A panic attack is a sudden and intense episode of anxiety, often appearing unpredictably. It can feel very overwhelming, as if you’re losing control, fainting, or even having a heart attack.

Possible causes and contributing factors:
1. Biological factors
- Genetics: having a family history of anxiety or panic disorder increases the risk.
- Brain chemistry: imbalances in neurotransmitters such as serotonin, norepinephrine, or GABA may play a role.
- Overactive stress response: the body’s “fight-or-flight” system can trigger intense fear even without real danger.
2. Psychological factors
- High levels of stress (work, school, relationships, financial issues).
- Personality traits: people who are more sensitive to stress or prone to worrying may be more vulnerable.
- Past trauma (e.g., accidents, abuse, loss) can make the nervous system more reactive.
3. Lifestyle and habits
- Excessive caffeine, alcohol, or stimulants (energy drinks, drugs) can trigger attacks.
- Lack of sleep and fatigue weaken stress regulation.
- Major life changes (moving, separation, new job) can act as stress triggers.
4. Medical conditions
- Certain health problems (thyroid issues, heart rhythm disturbances, asthma, etc.) can mimic or trigger panic-like symptoms.
- That’s why it’s often recommended to consult a doctor to rule out physical causes.

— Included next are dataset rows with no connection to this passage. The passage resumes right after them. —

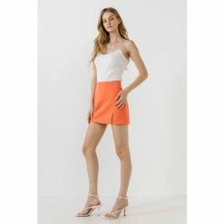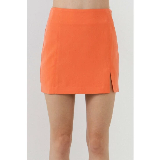 The Slit Detail Mini Skirt is the perfect skirt for a summer day. With its bright orange color and side slit, this skirt will make you stand out from the crowd. The matching blazer is also available, making it the perfect outfit for a summer party.
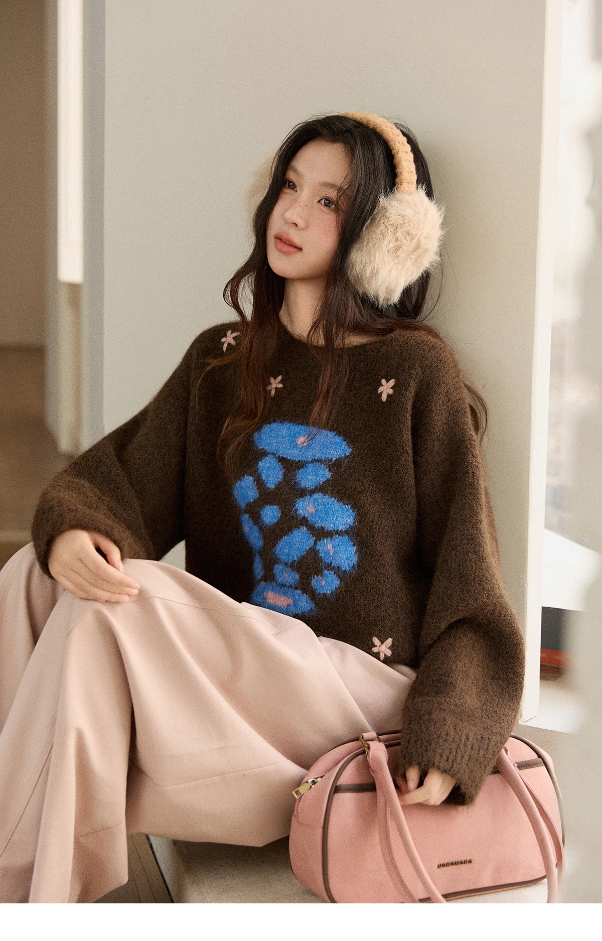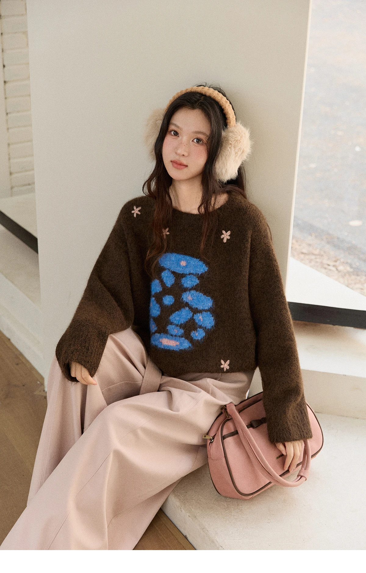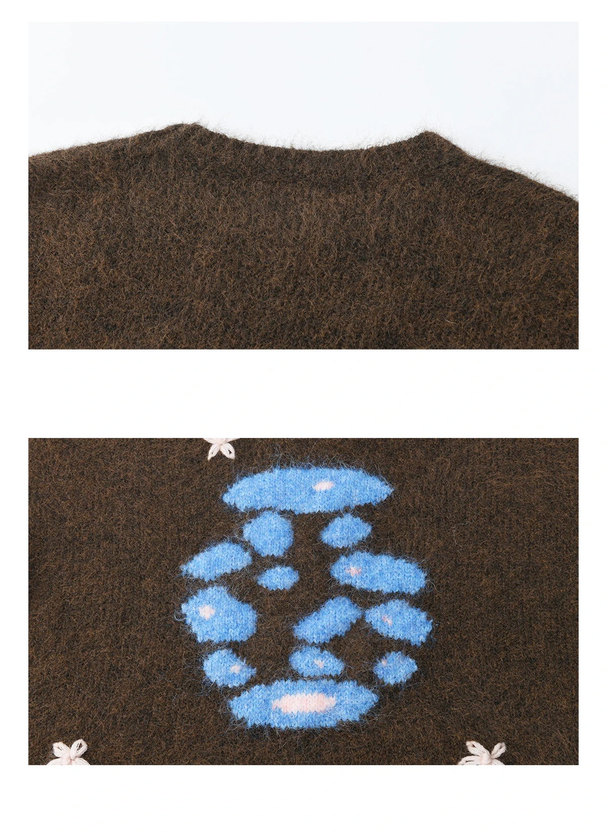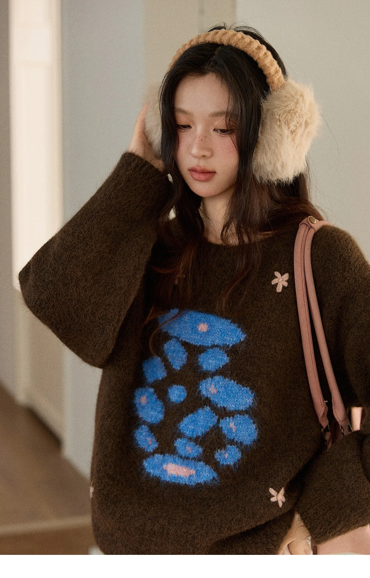 MISHOW Women's Lucky Bottle Jacquard Wool Warm Sweater 2025 Winter 3D Floral Color Block Retro Thickened Knitwear MXE91Z2840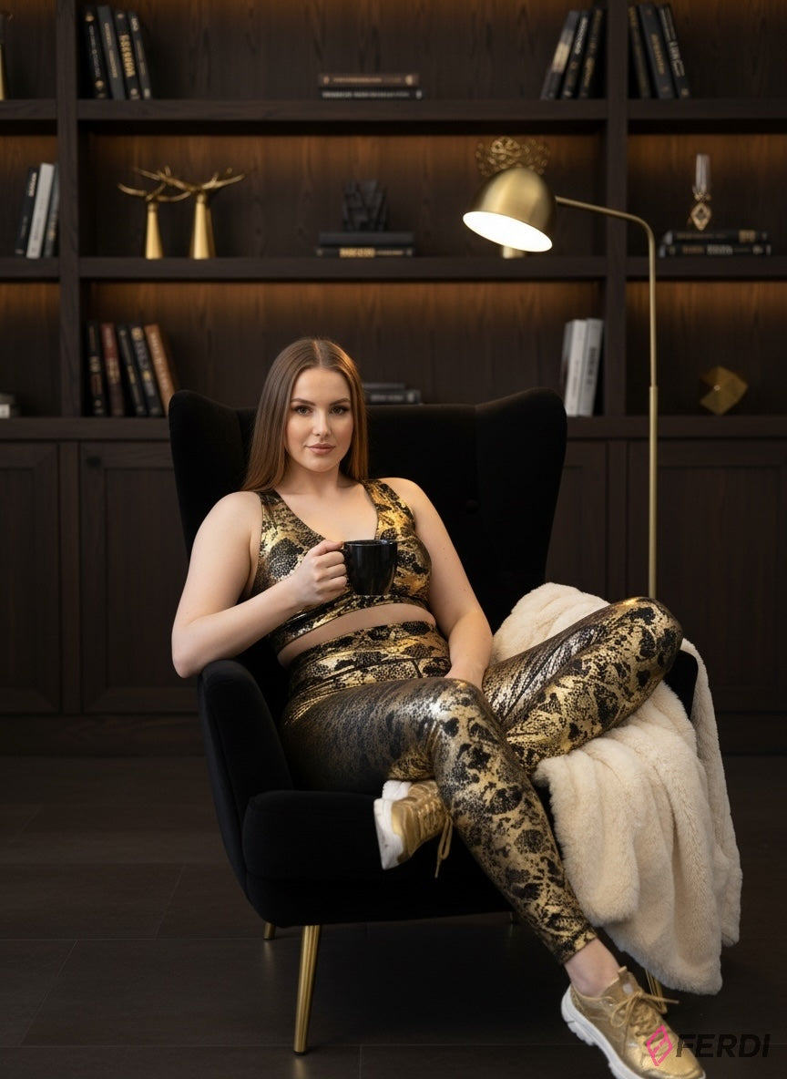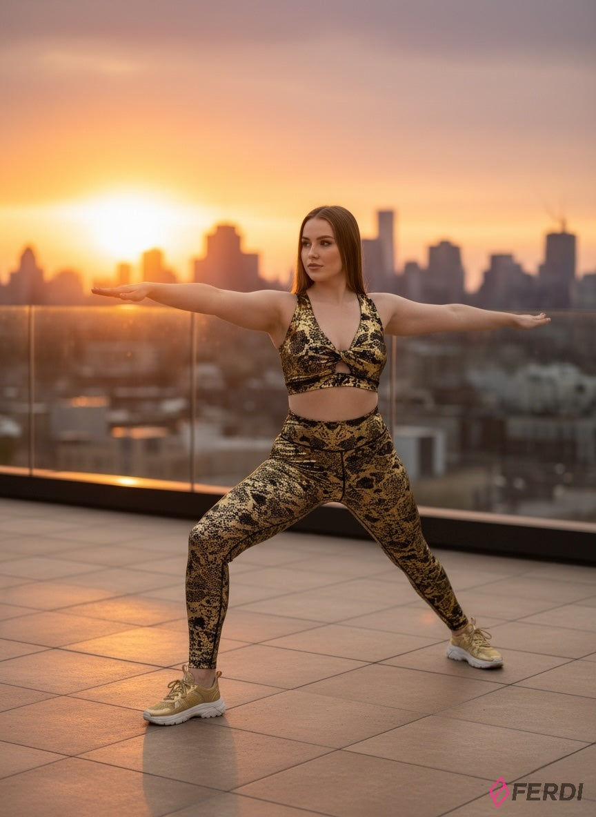El top deportivo, con su escote en V favorecedor y un elegante nudo frontal, asegura un ajuste seguro y una silueta estilizada. Los leggings de tiro alto, con su estampado de piel de serpiente dorada metálica sobre un fondo negro profundo, no solo capturan todas las miradas, sino que también realzan tu figura, brindando comodidad durante todo el día.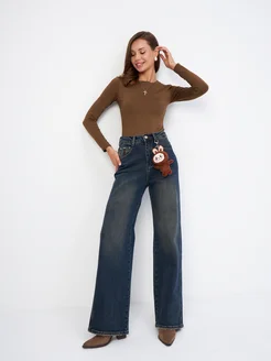 Джинсы женские с высокой посадкой трубы широкие labubu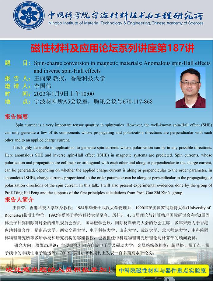 1月9日:王向荣:Spin-charge conversion in magnetic materials: Anomalous spin-Hall effects and inverse spin-Hall effects 发布:2023-01-09 点赞: 字号:小 大 打印: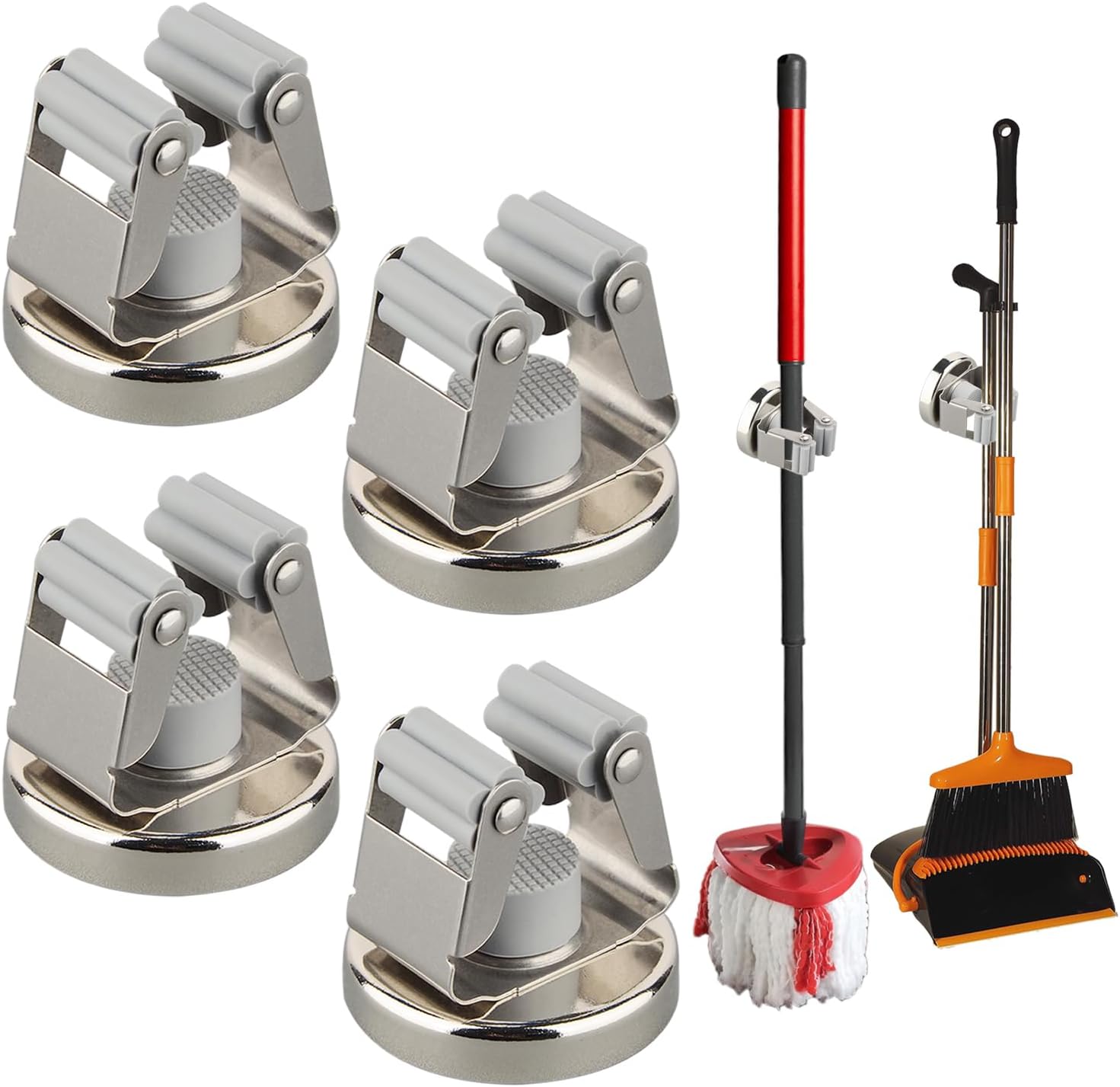 MUTUACTOR Magnetic Broom Holders,4pcs Sturdy Heavy Duty Magnetic Clips Wall Mount,10lbs No Drilling Anti-broken Magnetic Hooks Broom Mop Brackets for Work Cargo Garage Laundry Van Accessories

Symptoms of a panic attack :
Physical symptoms
- Rapid heartbeat (palpitations)
- Chest pain or discomfort
- Shortness of breath or feeling like you’re choking
- Sweating, chills, or hot flashes
- Trembling or shaking
- Dizziness, lightheadedness, or fainting
- Nausea or stomach upset
- Tingling or numbness in hands, feet, or face
Psychological symptoms
- Intense fear of losing control or “going crazy”
- Fear of dying
- Feeling detached from reality (derealization) or from yourself (depersonalization)

Solution of panic attack:
1. Therapies
- Cognitive Behavioral Therapy (CBT): The most effective treatment. It helps you understand triggers, change anxious thought patterns, and gradually face situations you fear.
- Exposure therapy: Safely confronting sensations or situations that trigger panic until they lose their power.
- Mindfulness and relaxation techniques: Breathing exercises, meditation, and grounding strategies reduce the body’s stress response.
2. Medications (sometimes used)
- Antidepressants (SSRIs or SNRIs) are commonly prescribed for panic disorder.
- Benzodiazepines may be given for short-term relief, but they are not a long-term solution due to dependency risks.
3. Lifestyle changes
- Regular exercise (reduces stress and regulates mood).
- Adequate sleep.
- Reducing caffeine, alcohol, and nicotine, which can worsen anxiety.
- Balanced routines with relaxation time.
What can help during an attack:
- Controlled breathing: inhale deeply through your nose, exhale slowly through your mouth.
- Grounding in the present moment: look at an object, name 5 things you can see, 4 things you can hear, etc.
- Accepting the attack rather than fighting it, reminding yourself it will pass.